Berthelot C, Muffato M, Abecassis J, Roest Crollius H.

Cell Rep. 2015 Mar 24;10(11):1913-24. doi: 10.1016/j.celrep.2015.02.046

The 3D organization of chromatin explains evolutionary fragile genomic regions.

Explains the power law distribution of breakpoints in mammals and yeast with chromosome contacts (Hi-C) and open chromatin (ENCODE).

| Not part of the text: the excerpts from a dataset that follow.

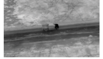
Mantis i45 N'den Bir Görüntü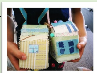
端切れの材料で作った「おうちカバン」

捨てられる端切れが材料になり、 ひと手間をかけることで子どもたち の工作への世界が広がるきっかけに なればとの願いがあります。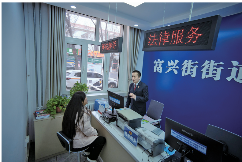
贺兰县检察院在辖区综治中心设立检察服务工作站，为群众提供法律咨询，倾听群众诉求。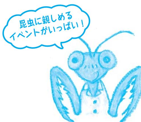
イラスト：伊藤 尚子 氏作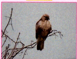
タカ目タカ科 ノスリ

“We [...] reconstruct the ancestral gene order in the 95-million-year-old ancestral genome of Boreoeutheria, the last common ancestor of primates, rodents, and laurasiatherians. [...] This reconstructed genome was further annotated with respect to its intergenic regions [...] their lengths, GC content and their proportion of conserved non-coding sequence as defined by GERP. [...] We then identified evolutionary rearrangement breakpoints that have occurred in the human, mouse, dog, cow, and horse lineages. [...] We identified a total of 751 breakpoints, 20 of which correspond to independent breakpoint reuse. [...] The identified breakpoints show the typical characteristics of rearrangement breakpoints; i.e., they occur in GC-rich, gene-dense regions possessing lower proportions of conserved non-coding sequence. [...] Breakpoint events per intergene increase as a power law of intergene length rather than a proportionality law. [...] Ancestral intergenes with high CNE content have been disrupted by significantly fewer breakpoints than intergenes of similar length with lower CNE content. [...] Rpeated elements and recombination frequencies are distributed radically differently from breakpoints, eliminating them as potential candidates to explain the breakpoint pattern. [...] The density of open chromatin is similar to the pattern of breakpoints with the proportion of DNA in an open state decreasing as intergene size increases. [...] Simulating inversions in the human genome according to contact probability [...] rearrangements were allowed to occur only between open chromatin regions, using chromatin state profiles for different cell types published by the ENCODE consortium. Under this model, the simulated average number of breakpoints per intergene closely reproduces the relationship with intergene length observed in real data.”